▶ [INSTRUCTIONS FOR THE TASK]: In this exercise, print only the lines from the line with "Девочка смотрит на рогалик" to the last line of the data below, inclusive. Any pictures should be left out.

▶ [STORED DATA]:
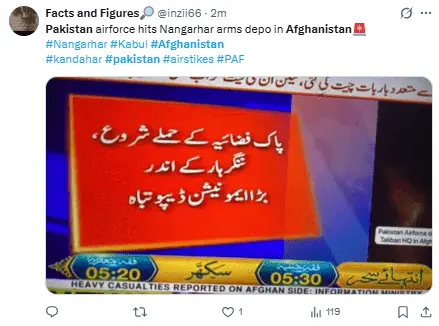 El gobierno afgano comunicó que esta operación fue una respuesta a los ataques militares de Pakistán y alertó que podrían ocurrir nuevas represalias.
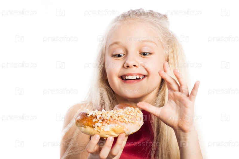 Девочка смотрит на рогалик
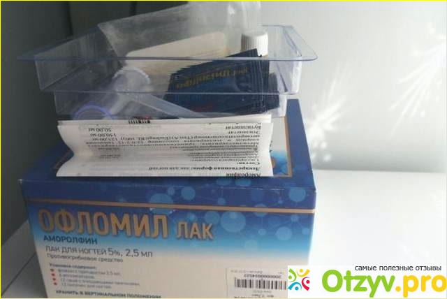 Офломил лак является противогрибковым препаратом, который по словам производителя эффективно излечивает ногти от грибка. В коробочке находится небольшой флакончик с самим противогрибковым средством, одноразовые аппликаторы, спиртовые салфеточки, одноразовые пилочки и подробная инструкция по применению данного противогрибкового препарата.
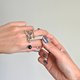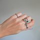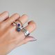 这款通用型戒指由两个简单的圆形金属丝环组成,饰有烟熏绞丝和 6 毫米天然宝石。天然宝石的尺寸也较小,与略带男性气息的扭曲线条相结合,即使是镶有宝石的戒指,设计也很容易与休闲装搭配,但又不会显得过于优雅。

▶ [THE COMPLETED TASK]:
 Девочка смотрит на рогалик
 Офломил лак является противогрибковым препаратом, который по словам производителя эффективно излечивает ногти от грибка. В коробочке находится небольшой флакончик с самим противогрибковым средством, одноразовые аппликаторы, спиртовые салфеточки, одноразовые пилочки и подробная инструкция по применению данного противогрибкового препарата.
 这款通用型戒指由两个简单的圆形金属丝环组成,饰有烟熏绞丝和 6 毫米天然宝石。天然宝石的尺寸也较小,与略带男性气息的扭曲线条相结合,即使是镶有宝石的戒指,设计也很容易与休闲装搭配,但又不会显得过于优雅。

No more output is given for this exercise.